I fully intended to watch the leadership debate yesterday evening. I know how important the leadership debate had been four years ago, so I did want to see it. Not that it would have any impact on which candidate I will be giving my vote, but it could have an impact on which party leader will be the Prime Minister of Canada on October 22nd. That said, I wasn’t sure I could face the whole thing, so I didn’t turn the television on for the start at 7pm. When I did switch on, I couldn’t find it anywhere, not on any of the Canadian networks, including the CBC news network. What the hell? And then it hit me. Duh. 7pm Eastern time, which meant it would have begun at 4pm Pacific time.

So I missed the whole thing. From the sound of the news coverage afterwards, there were no knock out punches between Trudeau and Scheer and, as far as I can gather, the Liberals and the Conservatives are still neck and neck in the polls.

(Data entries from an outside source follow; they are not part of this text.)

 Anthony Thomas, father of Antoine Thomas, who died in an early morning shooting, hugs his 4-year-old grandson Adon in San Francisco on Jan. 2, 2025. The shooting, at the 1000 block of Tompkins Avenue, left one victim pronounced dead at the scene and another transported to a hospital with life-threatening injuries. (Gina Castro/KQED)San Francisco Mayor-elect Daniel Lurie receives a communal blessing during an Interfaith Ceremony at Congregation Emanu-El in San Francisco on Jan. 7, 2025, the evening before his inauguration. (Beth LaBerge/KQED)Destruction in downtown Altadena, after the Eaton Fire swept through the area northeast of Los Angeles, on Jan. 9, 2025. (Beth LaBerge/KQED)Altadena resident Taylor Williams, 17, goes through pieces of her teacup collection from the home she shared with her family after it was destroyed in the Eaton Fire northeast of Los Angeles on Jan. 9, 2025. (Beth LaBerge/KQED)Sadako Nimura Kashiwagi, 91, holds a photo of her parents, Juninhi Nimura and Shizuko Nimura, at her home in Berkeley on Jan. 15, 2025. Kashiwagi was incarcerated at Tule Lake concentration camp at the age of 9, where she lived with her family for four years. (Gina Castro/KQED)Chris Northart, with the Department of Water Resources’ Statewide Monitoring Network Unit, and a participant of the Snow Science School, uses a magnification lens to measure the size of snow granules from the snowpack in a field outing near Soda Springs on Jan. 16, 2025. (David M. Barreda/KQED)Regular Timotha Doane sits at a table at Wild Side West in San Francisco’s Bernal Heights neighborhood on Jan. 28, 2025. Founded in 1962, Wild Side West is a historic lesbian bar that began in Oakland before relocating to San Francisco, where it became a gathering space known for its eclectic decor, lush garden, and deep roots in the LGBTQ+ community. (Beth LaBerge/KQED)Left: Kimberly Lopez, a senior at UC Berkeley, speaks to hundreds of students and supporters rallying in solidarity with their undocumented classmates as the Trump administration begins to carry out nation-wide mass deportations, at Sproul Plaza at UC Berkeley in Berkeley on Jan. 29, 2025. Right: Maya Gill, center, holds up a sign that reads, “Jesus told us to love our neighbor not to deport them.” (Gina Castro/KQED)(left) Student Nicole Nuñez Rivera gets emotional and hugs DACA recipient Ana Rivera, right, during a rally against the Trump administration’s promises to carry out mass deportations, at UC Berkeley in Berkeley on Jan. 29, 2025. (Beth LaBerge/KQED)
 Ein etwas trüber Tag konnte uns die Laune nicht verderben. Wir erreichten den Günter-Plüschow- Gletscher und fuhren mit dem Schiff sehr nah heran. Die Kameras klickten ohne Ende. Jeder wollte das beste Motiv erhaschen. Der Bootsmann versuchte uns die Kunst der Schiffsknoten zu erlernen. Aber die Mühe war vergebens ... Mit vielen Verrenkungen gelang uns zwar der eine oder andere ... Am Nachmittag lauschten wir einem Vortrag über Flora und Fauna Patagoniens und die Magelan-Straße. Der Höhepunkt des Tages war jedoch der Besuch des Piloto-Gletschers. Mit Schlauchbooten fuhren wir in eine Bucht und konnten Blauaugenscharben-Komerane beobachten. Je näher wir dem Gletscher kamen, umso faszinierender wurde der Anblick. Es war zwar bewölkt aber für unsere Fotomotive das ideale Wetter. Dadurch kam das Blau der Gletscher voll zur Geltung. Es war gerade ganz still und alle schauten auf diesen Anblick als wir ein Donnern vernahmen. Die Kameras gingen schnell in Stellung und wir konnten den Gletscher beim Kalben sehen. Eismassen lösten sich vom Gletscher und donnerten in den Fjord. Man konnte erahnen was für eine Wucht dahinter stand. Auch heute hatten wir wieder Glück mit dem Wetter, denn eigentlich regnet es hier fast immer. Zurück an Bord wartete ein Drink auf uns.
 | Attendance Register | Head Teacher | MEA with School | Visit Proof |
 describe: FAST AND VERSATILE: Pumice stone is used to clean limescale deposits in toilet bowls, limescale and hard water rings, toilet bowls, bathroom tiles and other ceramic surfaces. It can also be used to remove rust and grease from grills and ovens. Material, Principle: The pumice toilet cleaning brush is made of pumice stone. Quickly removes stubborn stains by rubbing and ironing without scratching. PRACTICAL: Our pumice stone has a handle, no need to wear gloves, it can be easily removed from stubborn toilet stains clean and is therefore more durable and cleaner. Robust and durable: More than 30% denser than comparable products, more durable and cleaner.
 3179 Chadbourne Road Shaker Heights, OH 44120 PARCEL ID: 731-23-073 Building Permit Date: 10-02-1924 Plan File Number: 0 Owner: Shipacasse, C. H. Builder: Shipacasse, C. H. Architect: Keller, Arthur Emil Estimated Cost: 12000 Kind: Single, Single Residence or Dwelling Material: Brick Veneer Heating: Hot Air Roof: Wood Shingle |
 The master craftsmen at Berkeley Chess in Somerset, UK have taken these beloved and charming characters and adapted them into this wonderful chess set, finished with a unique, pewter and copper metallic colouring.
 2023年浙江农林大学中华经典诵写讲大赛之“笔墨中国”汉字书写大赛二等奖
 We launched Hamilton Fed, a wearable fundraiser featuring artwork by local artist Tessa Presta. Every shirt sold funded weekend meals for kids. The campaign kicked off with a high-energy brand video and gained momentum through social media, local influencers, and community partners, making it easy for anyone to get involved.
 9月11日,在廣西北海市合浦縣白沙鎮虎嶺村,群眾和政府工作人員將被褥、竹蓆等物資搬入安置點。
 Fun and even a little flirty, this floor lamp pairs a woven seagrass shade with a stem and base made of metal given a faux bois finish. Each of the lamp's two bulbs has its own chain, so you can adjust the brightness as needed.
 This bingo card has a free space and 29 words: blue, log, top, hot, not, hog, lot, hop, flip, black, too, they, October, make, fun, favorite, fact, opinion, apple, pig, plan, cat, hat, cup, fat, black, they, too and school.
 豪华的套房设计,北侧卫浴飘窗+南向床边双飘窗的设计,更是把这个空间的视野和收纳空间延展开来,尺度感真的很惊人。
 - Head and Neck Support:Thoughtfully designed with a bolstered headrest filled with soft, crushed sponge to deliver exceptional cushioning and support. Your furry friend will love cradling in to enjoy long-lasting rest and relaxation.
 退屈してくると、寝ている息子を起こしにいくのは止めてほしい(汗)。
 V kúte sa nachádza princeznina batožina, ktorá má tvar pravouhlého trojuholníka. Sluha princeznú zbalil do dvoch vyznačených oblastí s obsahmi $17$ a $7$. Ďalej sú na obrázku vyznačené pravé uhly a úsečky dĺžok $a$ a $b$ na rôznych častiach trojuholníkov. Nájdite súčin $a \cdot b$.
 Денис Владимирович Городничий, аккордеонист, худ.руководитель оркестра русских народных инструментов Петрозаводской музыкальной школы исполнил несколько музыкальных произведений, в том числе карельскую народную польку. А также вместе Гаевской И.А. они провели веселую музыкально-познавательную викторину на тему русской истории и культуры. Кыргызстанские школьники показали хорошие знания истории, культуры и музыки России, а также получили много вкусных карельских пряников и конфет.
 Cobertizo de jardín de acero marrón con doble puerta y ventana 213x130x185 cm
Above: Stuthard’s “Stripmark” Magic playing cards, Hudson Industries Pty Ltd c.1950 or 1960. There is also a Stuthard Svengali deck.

How is this possible? I mean, if I lived in the 905 (the area code surrounding Toronto which often decides elections) I could think of many reasons not to vote for Justin Trudeau. The pipeline, SNC Lavalin, blackface and, most recently, the Liberal government’s shameful decision to challenge the First Nations compensation package ordered by the Canadian Human Rights Tribunal all spring immediately to mind. These are all good reasons not to vote for the Liberals this time around. There is, if you live in a riding that always swings back and forth between the Liberals and the Conservatives, an extremely important reason to hold your nose and vote for Trudeau anyway: Andrew Scheer.

I’ve been disappointed (very disappointed) in the past when Conservatives have won power in Canada.  (Or the UK.) They are the blue meanies.

blue meanies

Their election is always bad news for the poor and underprivileged. (The Liberals aren’t really much better, but every little bit counts.) I didn’t like Brian Mulroney and I actually hated Stephen Harper, but the idea of the dimpled devil becoming the Prime Minister makes my flesh crawl.

I’d appeal to the better angels of the 905 region, but, truth be told, I’m not sure a majority of  these voters actually care about the poor and underprivileged. I’m confident there are very fine people living in this part of Canada, but the majority have voted Conservative before and I don’t know how abhorrent they might find the homophobic, misogynistic social conservatism of Mr Scheer and his ilk.

So perhaps I should be appealing to the notoriously fickle voters of Quebec. I know you don’t like Jagmeet Singh’s turban, so I doubt there’s much chance of another orange wave washing across the province. What I don’t know is how attached you remain to the Liberals you helped elect in 2015. Are you thinking it might be time to give the Bloc Quebecois another whirl? Please, please, please don’t do it this time around. You know Andrew Scheer has no affection for la belle province. He wants to run a diluted bitumen pipeline through it. A vote for the Bloc this month is a vote for Scheer. Seriously. If you can’t get past the turban and go orange, stay red for now, okay?

I know Trudeau is an empty suit who’s been every bit as disappointing as he was destined to be, but at least he isn’t a suit filled with bile. So hold your noses, Canadian voters, and keep the creep on the Opposition benches. Please?


Oh, and while I’m begging: Come back, Nathan Cullen. Your country needs you.